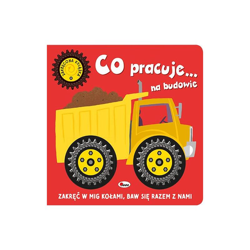 Książka zapoznaje małych czytelników z POJAZDAMI BUDOWLANYMI. Dzieci znajdą w niej proste i krótkie RYMOWANKI o koparce czy betoniarce. Wyróżnikiem publikacji są kręcące się KÓŁKA, dzięki którym dziecko może AKTYWNIE uczestniczyć w czytaniu. Piękne, kolorowe ILUSTRACJE pomogą przenieść się na PLAC BUDOWY.
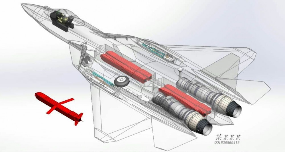 Umiejscowienie rakiet Ch-69 w wewnętrznych komorach Su-57
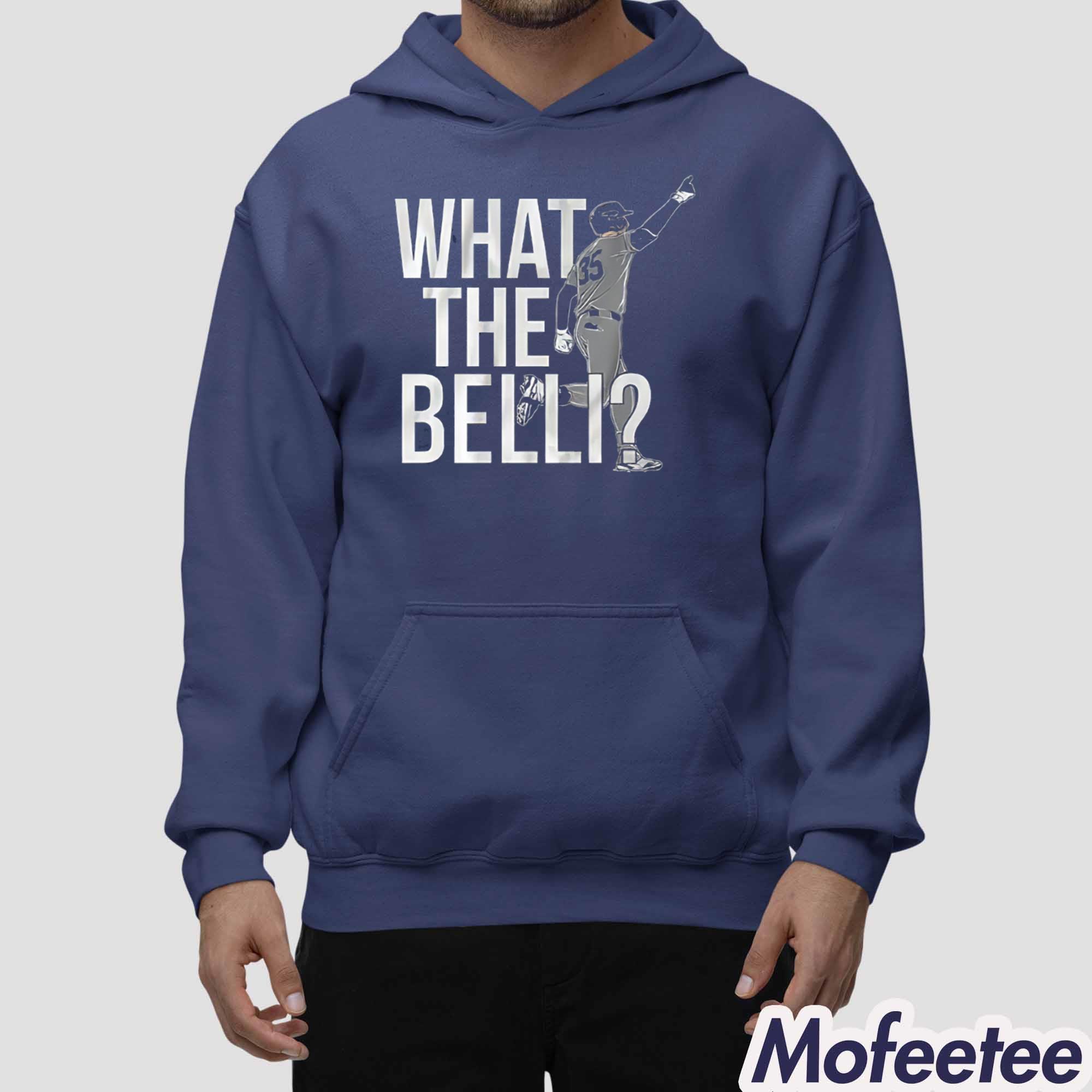 The shirt features an iconic silhouette of Bellinger mid-celebration, complete with his signature number 35 and unmistakable swag. The bold phrase “WHAT THE BELLI?” is printed in large block letters, perfectly capturing the surprise and excitement Belli brings to the game. It’s fun, clever, and sure to make fellow fans nod with approval.

•••••

[Aim of the task]
Reproduce word for word the lines from the one containing "Umiejscowienie rakiet Ch-69" through the end of the data, both ends kept. Drop the pictures.

[Exercise result]
 Umiejscowienie rakiet Ch-69 w wewnętrznych komorach Su-57
 The shirt features an iconic silhouette of Bellinger mid-celebration, complete with his signature number 35 and unmistakable swag. The bold phrase “WHAT THE BELLI?” is printed in large block letters, perfectly capturing the surprise and excitement Belli brings to the game. It’s fun, clever, and sure to make fellow fans nod with approval.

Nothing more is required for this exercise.